— PROBLEM REQUIREMENTS —
Go to the line with "LED Holder PA66" in the entries below and write out every line from there through the line with "- Fun and Fast-Paced", exactly and without pictures.

— SUPPLIED RECORDS —

────

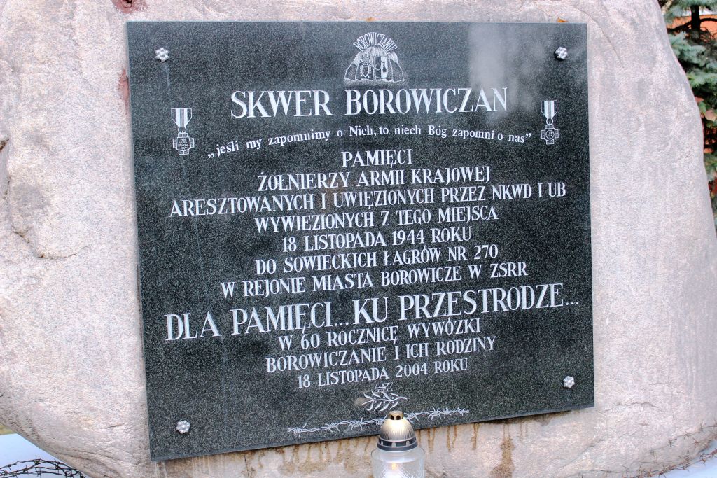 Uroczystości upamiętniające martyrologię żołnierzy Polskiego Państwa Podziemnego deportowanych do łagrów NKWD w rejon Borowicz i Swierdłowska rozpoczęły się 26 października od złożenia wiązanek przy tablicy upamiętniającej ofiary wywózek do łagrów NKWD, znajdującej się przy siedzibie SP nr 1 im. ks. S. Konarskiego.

────

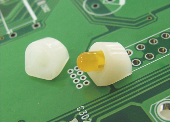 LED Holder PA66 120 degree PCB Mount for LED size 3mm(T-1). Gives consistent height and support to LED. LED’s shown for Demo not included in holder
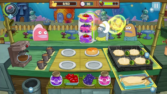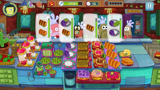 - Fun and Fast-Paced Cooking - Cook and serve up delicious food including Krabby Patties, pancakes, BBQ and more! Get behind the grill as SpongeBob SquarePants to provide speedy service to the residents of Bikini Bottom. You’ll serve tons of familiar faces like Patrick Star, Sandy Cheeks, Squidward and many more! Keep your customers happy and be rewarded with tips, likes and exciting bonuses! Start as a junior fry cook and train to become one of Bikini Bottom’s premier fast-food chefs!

────

— EXERCISE ANSWER —
 LED Holder PA66 120 degree PCB Mount for LED size 3mm(T-1). Gives consistent height and support to LED. LED’s shown for Demo not included in holder
 - Fun and Fast-Paced Cooking - Cook and serve up delicious food including Krabby Patties, pancakes, BBQ and more! Get behind the grill as SpongeBob SquarePants to provide speedy service to the residents of Bikini Bottom. You’ll serve tons of familiar faces like Patrick Star, Sandy Cheeks, Squidward and many more! Keep your customers happy and be rewarded with tips, likes and exciting bonuses! Start as a junior fry cook and train to become one of Bikini Bottom’s premier fast-food chefs!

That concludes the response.